The songs were written and performed completely differently to each other, such was their diversity. All 11 members must have played 25 instruments during the course of the gig, each track obviously being well rehearsed but with the band giving the feeling they were playing them for the first time, such was their own enjoyment. Some tunes were simply but effectively written, while others consisted of unpredictable complexity, changing dynamic during the course of the actual song at times. More importantly each one was well written and memorable, partially thanks to their continuous original full sound inclusive of an underlying array of various bells, xylophones, plucking violins, etc. You could hear each and every single instrument so clearly. How they pulled this off with no amplifiers is beyond me, but they did it, all fronted by a charming and entertaining eccentric folk singer.

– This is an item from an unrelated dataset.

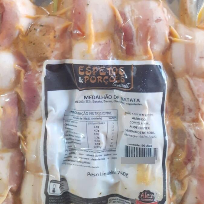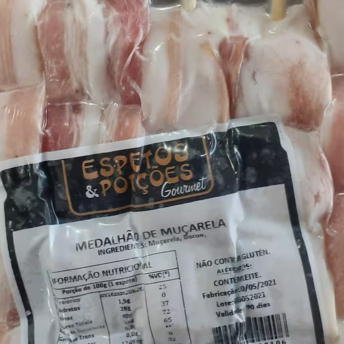 Espetinho de queijo muçarela enrolado numa fatia de bacon. Produto congelado e embalado a vácuo em pacotes de 500g contendo 5 unidades.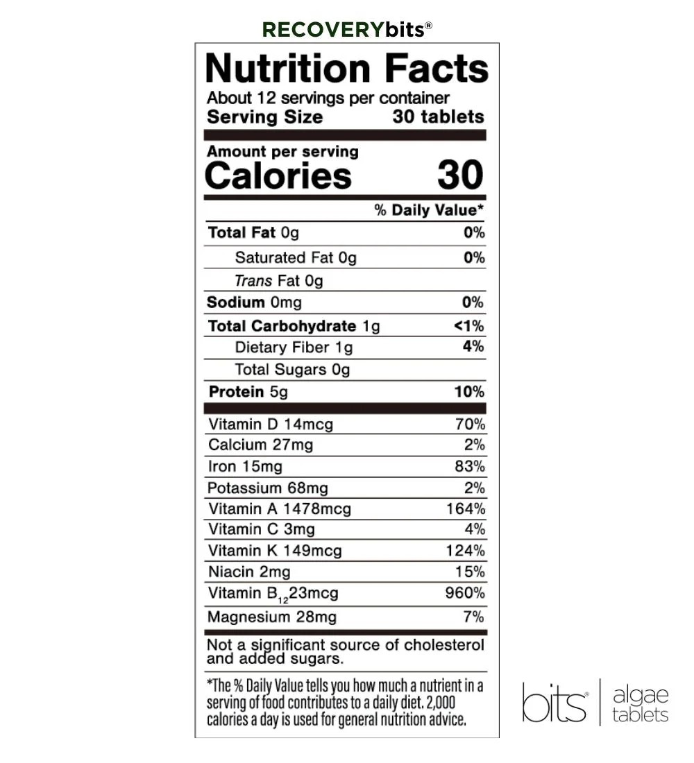 Bits RECOVERYbits, your go-to wellness companion offering 100% pure chlorella tablets designed to naturally detoxify, support muscle recovery, and boost overall health. These tablets are an energy-boosting, immune-enhancing superfood rich in protein, vitamins, and minerals. Each tablet is packed with over 40 essential nutrients, including vitamins A, C, B-complex, and minerals such as iron and zinc, making it a powerful addition to your daily health routine.

Their songs varied from long folk tales being sang to an accompanying, always apt, soundtrack, like a TV theme tune to a costume drama, to punchier Pogues-esque Irish jigs. The singer Jon Boden sang every lyric tongue-in-cheek but still meaningfully, and the crowd were mesmerised by him. In return he responded to us all, ensuring our hand clapping and dancing to the music not just along to them but participating WITH them. There was a definitely a two-way communication between the punters and band, making us feel included and part of this great experience. It’s not just Boden who ensured this, all band members did. Even if some members weren’t playing on certain numbers, they danced along and entertained the crowd as much as they did when actually playing. One track I felt I was in church, the next on a Jamaican beach, then in a carnival, then at an Irish wedding, such was the atmosphere and feel they presented in each number. They enjoyed the experience as much as the crowd, shown in their ‘comedic’ feel through the gig. They still take their music seriously, but still played with smiles on their faces, injecting humour between songs, which was infectious to the crowd all night.
I didn’t know they had already released their album ‘Hedonism’, let alone know any tracks, but I bought it the next morning, such was their impact on me. This was genuinely the best gig I had been to in months. I have never been so entertained. I can only summarise them as a traditional old-fashioned style English folk band that can write and play songs of so many genres far beyond initial assumptions. World music, folk music, jazz music, classical music, church music; you name it. Bellowhead are going to be massive as they appeal to people of all ages and of all musical taste.